I've been thinking about how samples and weighted samples are represented in stat
, and in dist
, in the ConjugateUpdate
methods, and it seems like we might be able to do something interesting by providing a set of interfaces to represent different ways of providing sample data to measure.
Here's the rough outline:
type Sampler interface {
Sample() []float64
}
type WeightedSampler interface {
Sampler
Weights() []float64
}
type Sample []float64
func (s Sample) Sample() []float64 {
return s
}
type WeightedSample struct {
Sample
w []float64
}
func NewWeightedSample(s Sample, w []float64) *WeightedSample {
// panic if len doesn't match
return &WeightedSample{s, w}
}
func (ws *WeightedSample) Weights() []float64 {
return ws.w
}
And then collapse functions like Mean
to take a Sampler
, perform a type check to see if it is a WeightedSampler
, and then proceed from there.
This also ties into iterative methods where the data cannot be represented in memory easily. We could provide:
type SampleReader interface {
SampleRead([]float64) int
}
// and equivalent with weights
type IterativeSample func([]float64) int
func (is IterativeSample) SampleRead(buf []float64) int {
return is(buf)
}
func (is IterativeSample) Sample() []float64 {
buf := make([]float64, 1023)
res := make([]float64, 0)
for n := is(buf); n > 0; {
res = append(res, buf...)
}
return res // for use in cases where a SampleReader path doesn't exist
}
Which could read a portion of the sample in things like Mean
. There would be a corresponding WeightedIterativeSampler
, and additional types for multivariate samples, which would deal primarily in matrices. There is still some planning to do to allow things like buffered reading and writing.
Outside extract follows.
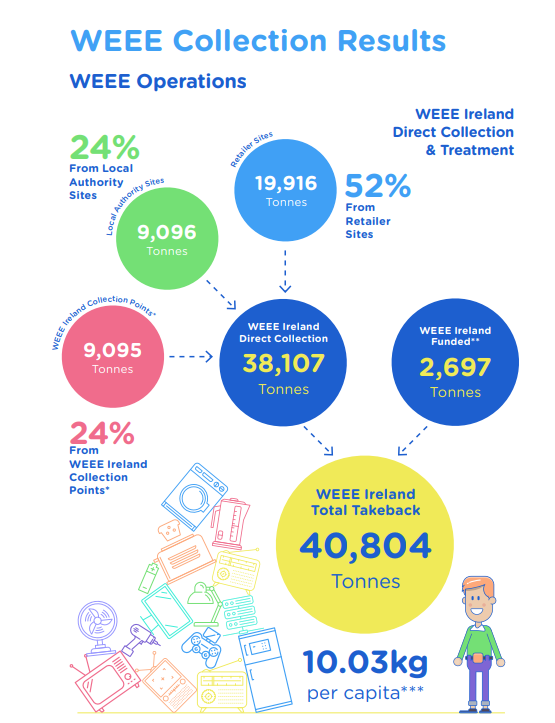 These types of items are replaced and renewed regularly and the old stuff should be recycled. Last year WEEE Ireland helped us recycle 10.03 kg per head of population in Ireland.
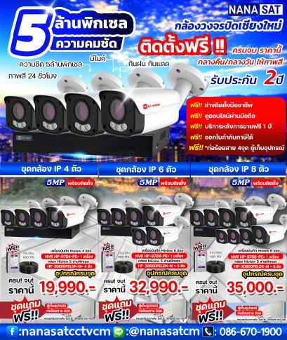 ชุดกล้องวงจรปิด IP Camera ความคมชัด 5 MPเปลี่ยนภาพเที่ยงคืนเป็นเที่ยงวัน HP-30B50PELDK-M

The same types would be used in dist
for ConjugateUpdate
, Rand
, and equivalent ones would exist in a multivariate version of dist
.
Online versions of the various statistical measurements would take only a SampleReader
or WeightedSampleReader
, and would have "Memory" so that they could produce updated measurements on demand. Parallel methods could use several goroutines to call SampleRead(), and then combine the results at the end.
Any thoughts on these changes? The immediate benefit would be to simplify the signatures for functions on samples of data, and to provide a way for users to handle very large amounts of data.
edit: fix go code